In nature, order, complexity and patterns are formed spontaneously through bottom up organization of specific local interactions. A process called self-assembly. This section groups EPFL’s research projects that use these principals, especially at the molecular level, to create complex structures and materials.
Organic nanowires are model systems for the investigation of charge transport in organic semiconductors under nanoscopic confinement, and may serve as potential building blocks for integrated circuits in the future. However, reliable structure-property relationships between the molecular parameters, the intermolecular π–π interactions, the nature of the charge carriers, and macroscopic transport properties are scarce. We have developed a reliable model system for the self-assembly of various chromophores into well-defined nanowires with excellent π–π overlap of the chromophores. These nanowires exhibit an unprecedented light-induced “self-doping”, resulting in exceptionally high charge densities and band-like transport properties.
Our research activities focus on conjugates of synthetic polymers and biologically-inspired peptide sequences. The peptide sequences are adapted from protein structures and direct the structure formation of the synthetic polymer. The use of such peptide sequences offers several unique advantages. First of all, due to the very specific folding and organization properties of the peptide sequences, they allow the organization of synthetic polymers in complex, hierarchically-organized structures that are very difficult to generate otherwise. Secondly, the structure and properties of peptide – synthetic hybrid block copolymers can be manipulated by single amino acid “mutations” in the peptide segments (see Strucutre page). The peptide sequence of the hybrid block copolymers cannot only be used to drive structure formation, but can also be used to encode specific functionalities. This is a subject of ongoing research efforts.

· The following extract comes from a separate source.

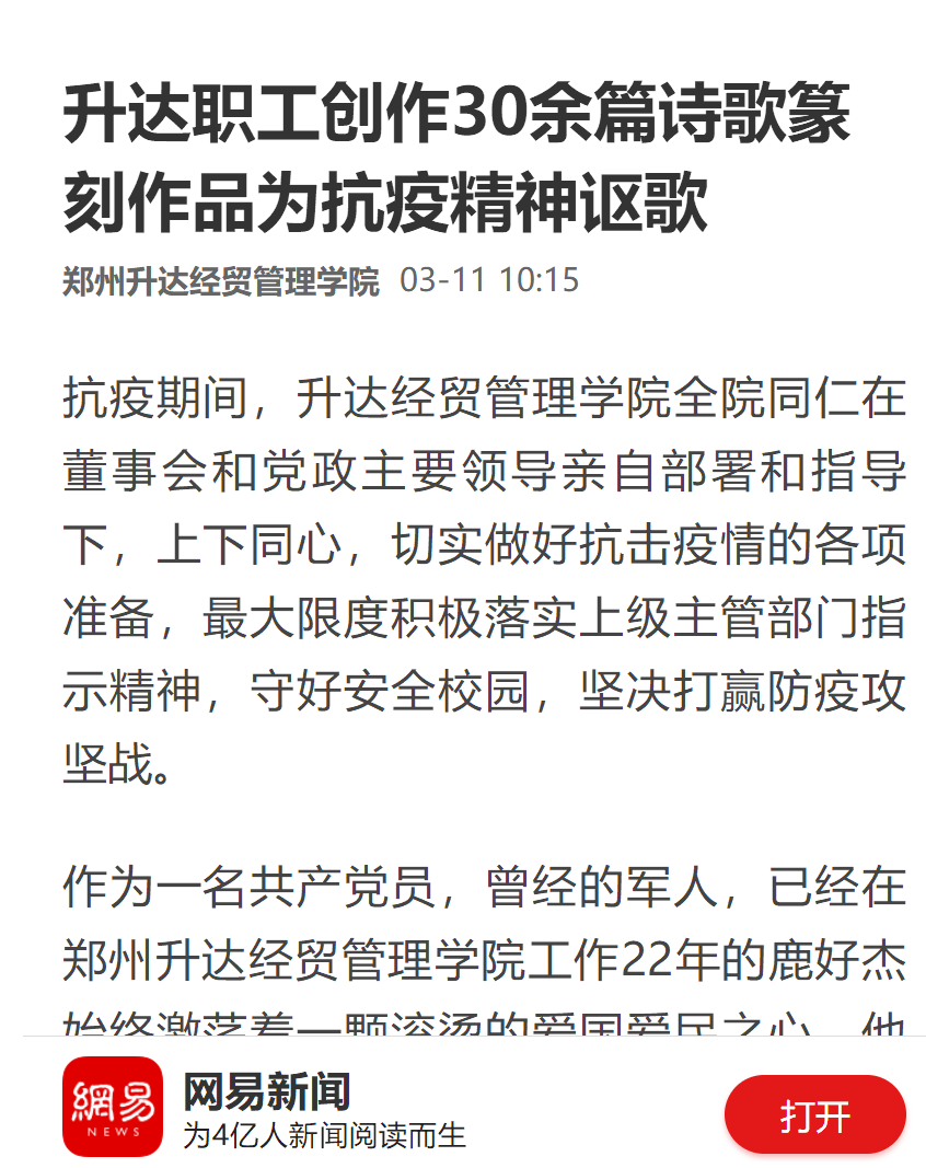 2020年3月11日,网易新闻以《升达职工创作30余篇诗歌篆刻作品为抗疫精神讴歌》为题,报道了我校职工鹿好杰以爱国爱民之心用手中笔杆和篆刻刀创作艺术作品,用诗歌和篆刻作品歌颂新冠肺炎疫情中伟大的逆行者,为他们加油助威,向他们致敬,祝愿他们凯旋归来,祝愿祖国早日战胜疫情,人民幸福安康的事迹。现将原文摘录如下:

Structural Self-assembly of Origami Robots, Robogamis
While Origami, the traditional Japanese art of paper folding, is primarily known for its artistic significance, many of its components can be found in nature. From insect wings to different types of leaves, organisms take advantage of the ability to create thin and lightweight structures by folding quasi-two-dimensional elements in distinct patterns. At the Reconfigurable Robotics Lab, RRL, we are developing robots that mimic and enhance the benefits of Origami found in nature. Our robots incorporate quasi-two-dimensional smart structures with embedded actuation, sensing, control, and communication, allowing them to change both shape and functionality according to the task at hand. By automating these structural transformations and functional reconfigurations, we are creating versatile robotic systems that are compact for storage and transportation and, when deployed, can self-assemble into lightweight, three-dimensional tools.